Bacteria strains were cultivated routinely on GB broth (glucose, 10 g liter−1; peptone, 10 g liter−1; beef extract, 2 g liter−1; yeast extract, 1 g liter−1; NaCl, 5 g liter−1) (27) solidified with 1.5% agar. For lipopeptide production and liquid chromatography-mass spectrometer (LC-MS) characterization, the bacteria were grown in Landy medium (28). When required, antibiotics were added to a final concentration of 100 μg ml−1 for ampicillin (Amp) or 20 μg ml−1 for tetracycline (Tet).

Identification of lipopeptides produced by B. amyloliquefaciens SQR9.

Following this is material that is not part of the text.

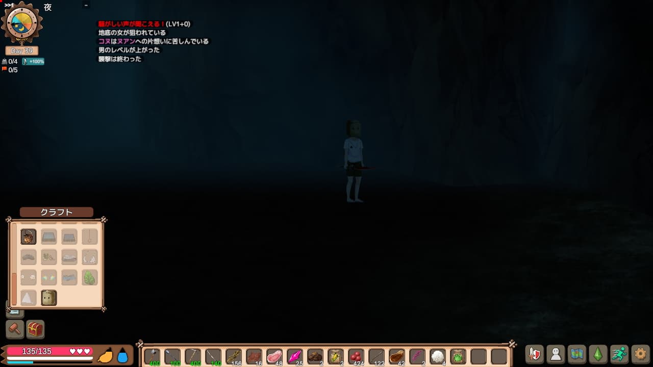しかしながら本作サバイバルクラフトゲームのエッセンスの充実っぷりは本格派といったところで、未開の地を探索するドキドキや拠点を堅固に、自分の思うままに創造する面白さを体験することができます。クラフト要素もゲームの進行自体には関係ないものも沢山あり、女の子に着せる衣装やテーマ性ある家具のようなインテリアが多数用意されています。

To identify and characterize the lipopeptides produced by B. amyloliquefaciens SQR9, the supernatant of B. amyloliquefaciens SQR9 was analyzed by reversed-phase high-performance liquid chromatography (RP-HPLC) and LC-MS as described previously (29). B. amyloliquefaciens SQR9 was grown in Landy medium at 30°C for 60 h, and the lipopeptides were then isolated by acid precipitation with concentrated HCl at pH 2.0. The precipitate was recovered by centrifugation at 8,000 × g for 20 min, washed twice by acidic deionized water (pH 2.0), and then extracted twice with methanol (28). The pooled extraction solution was dried with a rotary vacuum evaporator, and the residue was dissolved in 1 ml of phosphorous buffer (PBS; 0.01 M [pH 7.4]). The supernatant of SQR9 was filtered through a 0.22-μm-pore-size hydrophilic membrane.

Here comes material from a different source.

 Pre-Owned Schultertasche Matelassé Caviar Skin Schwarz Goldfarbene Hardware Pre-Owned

LPs were separated by RP-HPLC equipped with reversed-phase C18 analytical column (9.4 by 150 mm; Agilent Technologies, Santa Clara, CA). The flow rate was 0.84 ml/min using gradient elution with a detecting wavelength of 210 nm. Mobile phase A and mobile phase B were acetonitrile and 0.1% acetic acid in water, respectively. The elution conditions were from 0 to 9 min 60 to 93% (vol/vol) mobile phase A plus 40 to 7% (vol/vol) mobile phase B and from 9 to 20 min 93% mobile phase A and 7% mobile phase B. An Agilent 6410 triple quadrupole LC/MS apparatus (Agilent Technologies) was used to determine the molecular weights of the antifungal compounds identified by RP-HPLC. The electrospray needle was operated at a spray voltage of 4.5 KV and a capillary temperature of 300°C. The mobile-phase components were acetonitrile (A) and 0.1% acetic acid (B) in water at a ratio of 70:30 with a flow rate of 0.3 ml min−1. The MS analysis was done by electrospray ionization in positive ion mode.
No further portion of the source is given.